Mas será um prazer tirar algumas fotografias à nossa Lisboa nocturna, que, salvo nos locais de concentração conhecidos, recupera, de facto, muita serenidade e espaço, e proporciona esses momentos que tão bem nos faz partilhar consigo e com a sua juvenil descendência. Vou já começar a estudar as instruções da máquina. Por enquanto, ainda só sei fotografar a noite a preto e preto. ;-)
Caro Paulo, a sua pergunta, num comentário que gostei de ler, deixarei sem resposta, com um sorriso.
Abraço.
Pois foi Cristina. Mas algo, ao fundo das costas, me lembra que tenho de mudar o selim da bicicleta... (risos)
Luísa, a prosa é poética sim, se bem que ao ler o seu comentário fiquei preocupado com facto de a considerar assassina ou suicida. (muitos risos)
A noite a preto e branco será, estou certo, sempre bem fotografada por si. :-)
Ainda nem sequer ao preto e branco cheguei, Mike. Ainda estou mesmo na fase do preto e preto. Mas vou aplicar-me no estudo... e seja o que Deus quiser. ;-)
(risos)
Seja o que a Luísa quiser, é o que é... ;-)
eu prescindi dos carros no meus divórcios, vivo bem sem eles.
em que recanto o mafarrico desta vez se meteu?

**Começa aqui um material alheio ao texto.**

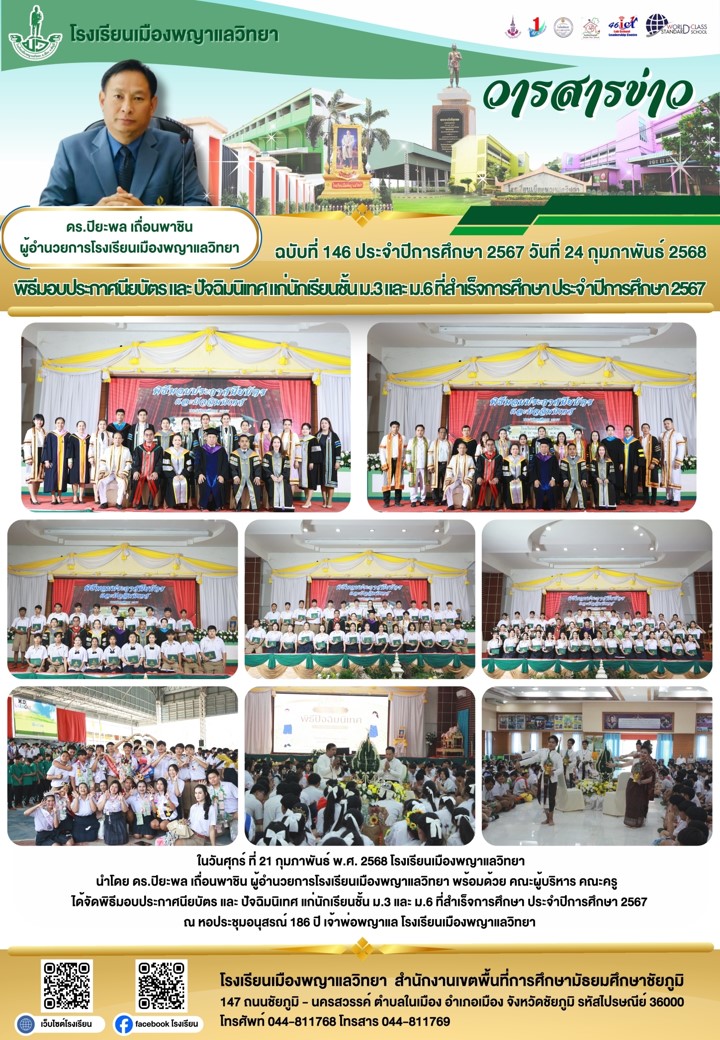 21 กุมภาพันธ์ 2568 พิธีมอบประกาศนียบัตร และ ปัจฉิมนิเทศ แก่นักเรียนชั้น ม.3 และ ม.6 ที่สำเร็จการศึกษา ประจำปีการศึกษา 2567

LOL
Hum... mas ficou com a sua bicicleta e com os seus patins, Júlia? :D
O mafarrico está metido num recanto muito saudável que se chama local de trabalho. ;-)
Vai um duelozito de bicicleta, hein, Misterzito?
:-)))
Só se me for autorizado passar uma procuração ao meu mais novo... (risos)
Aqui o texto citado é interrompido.